Julian Vane's capture brought a tense silence to FBI headquarters. The man who had once orchestrated the fall of Atlas now seemed like nothing more than a remnant of consciousness, being escorted down the corridors under Foxy's watchful, mistrustful gaze.
The Interrogation Room:
Michell and Celia watched through the glass as Vane was cuffed to the metal table. He offered no resistance. His eyes remained fixed on an invisible point in the air, and an almost imperceptible smile played on his pale lips.
"He's either in shock or he's enjoying this," Celia murmured, crossing her arms. "Owen confirmed he has no electronic devices on him. He's clean."
"He's not clean," Michell retorted, his voice dark. "He's loaded with something we don't understand yet."
Inside the room, Vane fumbled in his inner coat pocket and pulled out a small dark metal pen. The guards, focused on his passive posture and the absence of obvious weapons, allowed the movement, assuming it was just a harmless personal item. Vane spun the pen between his fingers, grotesquely mimicking the motion of Foxy's coin.
"The Architect…" Vane whispered, his voice echoing off the acoustic walls. "He doesn't build buildings. He builds endings. And mine… mine ends now."
Before Michell could open the door or give the order to intervene, Vane moved with desperate, violent speed.

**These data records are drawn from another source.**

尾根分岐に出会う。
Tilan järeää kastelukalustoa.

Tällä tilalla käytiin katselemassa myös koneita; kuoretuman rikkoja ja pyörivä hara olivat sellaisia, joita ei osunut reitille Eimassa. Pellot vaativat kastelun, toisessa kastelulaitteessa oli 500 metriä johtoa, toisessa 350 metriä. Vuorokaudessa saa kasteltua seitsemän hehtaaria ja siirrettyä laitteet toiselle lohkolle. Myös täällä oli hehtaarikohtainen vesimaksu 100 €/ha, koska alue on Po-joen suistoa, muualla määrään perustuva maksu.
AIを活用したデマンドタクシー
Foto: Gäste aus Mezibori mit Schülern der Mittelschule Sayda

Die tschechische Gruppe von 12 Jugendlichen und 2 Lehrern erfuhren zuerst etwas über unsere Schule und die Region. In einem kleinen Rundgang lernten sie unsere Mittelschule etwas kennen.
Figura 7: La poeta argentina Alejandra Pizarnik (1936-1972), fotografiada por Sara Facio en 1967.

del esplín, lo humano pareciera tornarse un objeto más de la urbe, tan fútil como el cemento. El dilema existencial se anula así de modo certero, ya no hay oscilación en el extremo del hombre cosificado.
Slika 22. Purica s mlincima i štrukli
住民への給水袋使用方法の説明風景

In one final act of obedience to the plan that consumed him, he used the object to end his own existence. The silence that followed was absolute.

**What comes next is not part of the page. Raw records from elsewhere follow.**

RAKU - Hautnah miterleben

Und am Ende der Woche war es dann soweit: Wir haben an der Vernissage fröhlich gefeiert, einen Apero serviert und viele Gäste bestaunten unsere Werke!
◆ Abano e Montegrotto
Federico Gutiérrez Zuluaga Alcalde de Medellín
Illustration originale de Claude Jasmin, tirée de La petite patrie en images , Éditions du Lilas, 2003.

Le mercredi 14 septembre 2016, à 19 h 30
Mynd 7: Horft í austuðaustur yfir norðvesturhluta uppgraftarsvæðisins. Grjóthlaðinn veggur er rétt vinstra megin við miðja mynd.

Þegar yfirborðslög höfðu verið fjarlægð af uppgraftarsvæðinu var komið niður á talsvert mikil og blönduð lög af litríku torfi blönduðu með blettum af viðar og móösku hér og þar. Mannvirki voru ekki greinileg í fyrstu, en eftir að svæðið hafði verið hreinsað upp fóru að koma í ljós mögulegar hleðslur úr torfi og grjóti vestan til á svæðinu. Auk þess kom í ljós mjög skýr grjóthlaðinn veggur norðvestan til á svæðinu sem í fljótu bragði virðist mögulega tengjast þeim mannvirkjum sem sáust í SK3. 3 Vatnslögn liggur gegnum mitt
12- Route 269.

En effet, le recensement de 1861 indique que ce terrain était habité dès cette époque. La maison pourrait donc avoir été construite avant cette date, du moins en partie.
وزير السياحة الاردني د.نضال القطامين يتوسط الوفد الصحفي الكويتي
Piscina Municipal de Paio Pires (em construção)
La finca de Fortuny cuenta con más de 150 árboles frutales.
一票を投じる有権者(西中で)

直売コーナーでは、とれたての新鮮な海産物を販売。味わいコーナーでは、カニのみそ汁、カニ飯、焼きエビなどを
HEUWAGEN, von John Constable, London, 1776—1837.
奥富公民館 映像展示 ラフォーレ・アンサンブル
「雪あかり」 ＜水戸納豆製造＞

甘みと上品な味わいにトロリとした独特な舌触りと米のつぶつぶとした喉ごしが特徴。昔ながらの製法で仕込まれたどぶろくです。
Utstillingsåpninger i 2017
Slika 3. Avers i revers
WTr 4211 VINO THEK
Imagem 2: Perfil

Julian Vane was dead. The last thread connecting the FBI to the "Void" had just been severed from the inside out.
Michael's Apartment:
While chaos erupted in the monitoring room, miles away the silence was of a different nature.
Michael was seated before an ebony and ivory chessboard. The apartment lighting was minimal, just enough to highlight the positioned pieces. He didn't have a physical opponent; he was playing against himself, but the moves weren't symmetrical.

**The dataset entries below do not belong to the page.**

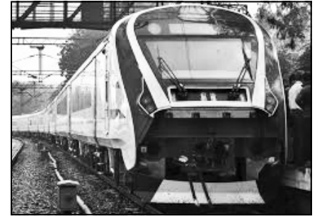
মোট ১৬টি কামরার ১১২টি আসন রয়েছে। এখন সবক'টি 'চেয়ার কার'। পরবর্তীকালে কেসব কিছু কামরা স্লিপার ক্লাসে রূপান্তরিত করা হবে। জানা যাচ্ছে রাজধানী এক্সপ্রেসের পরিবর্তে এমনই 'ইন্টারসিটি ইলেক্ট্রিক মাল্টিপল ইউনিট' ট্রেন আনা হবে। ২০২০ সালের মধ্যে নিয়ে আসা হবে ট্রেনটি।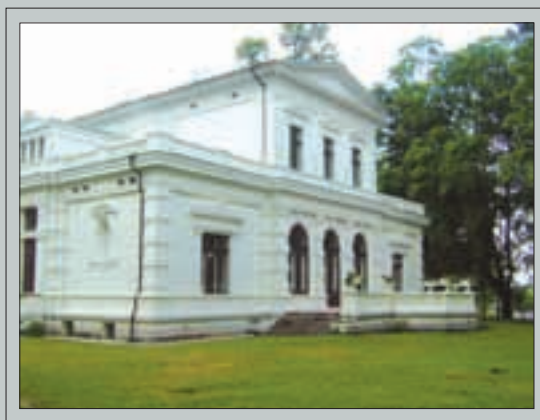
Grafų Pliaterių Švėkšnos dvaras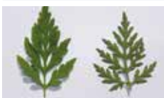
• feuille d'ambrosie (dessous-dessous)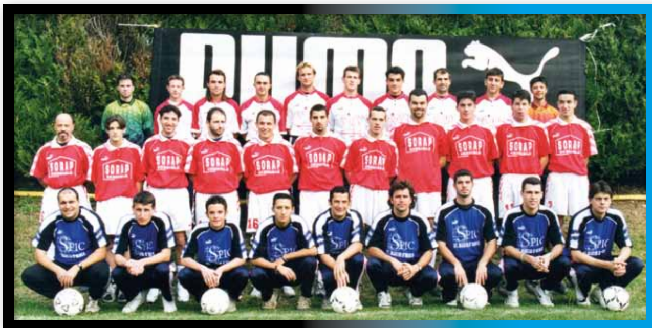
Le Groupe Seniors 1999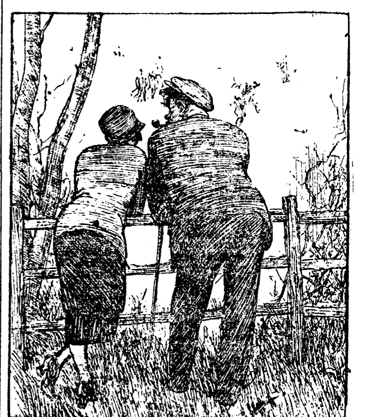
NUEVOS RICOS ELLA.—¿Qué opinas del “golf”? EL.—Que prefiero los tallarines a la napolitana. (Punch, Londres.)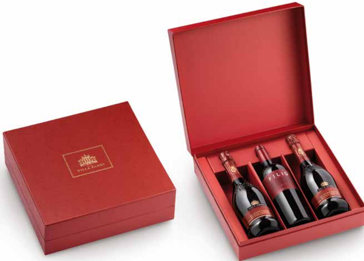
Cod. 889 - Cofanetto da 3 bottiglie Valdobbiadene DOCG Rive di San Pietro di Barbozza, Filio - Fardo singolo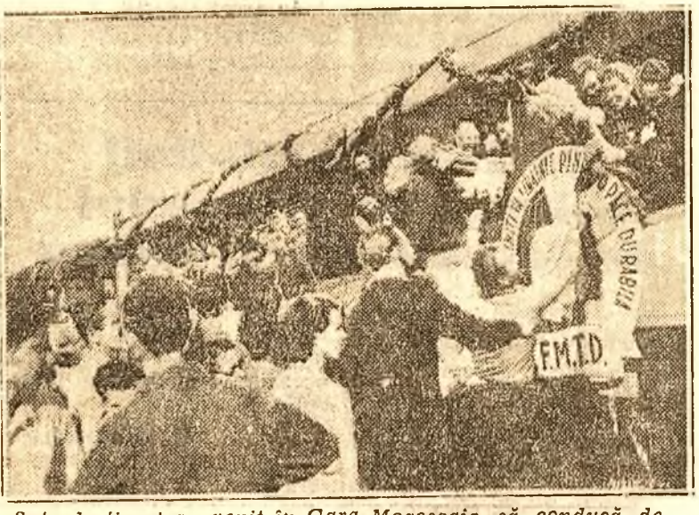
Sute de tineri au venit în Gara Mogoșoaia să conducă delegația tineretului muncitor din R.P.R. la Festivalul dela Budapesta.

Entuziasta manifestație din gara Mogoșoaia Eri dimineața la orele 10.30 a părăsit Capitala, delegația tineretului muncitor din R. P. R. la Festivalul Mondial dela Budapesta. Gara Mogoșoaia, împodobită de sărbătoare, cu lozinci și drapele, fremătă de veselie. Cei 480 de delegați care vor duce la Budapesta mesajul de luptă pentru pace al tineretului muncitor din țara noastră

He moved the white pieces with the calculated hesitation of Michell, and the black pieces with the lethal precision of his own mind.
"Check," Michael whispered, moving a black knight into a position for a double attack.
He studied the board. Every piece there represented a life he had moved that night. Salvatore was the sacrificed pawn. Vane was the rook toppled to clear the way. Michell was the king, surrounded by defenses Michael himself had weakened.
Michael picked up the black queen — the piece representing his true influence — and placed it at the center of the board. He wasn't playing to win the game quickly; he was playing so the opponent would believe, right up until the last second, that they still had a chance.
He knew that at that exact moment, Vane's body was being removed from the room. He knew Foxy would be watching the clock, connecting the dots.
With a smooth motion, Michael toppled the white king with the tip of his finger.
"The problem with hunting a monster who's holding the flashlight," he said to the darkness of the room, "is that you only see what he allows to be illuminated. And now… the light is going out."
Michael leaned back in his chair, his expression perfectly neutral. He was invincible, not because he was stronger, but because he had already played the next hundred moves in his head, and in every one of them, the outcome was the same: the Void.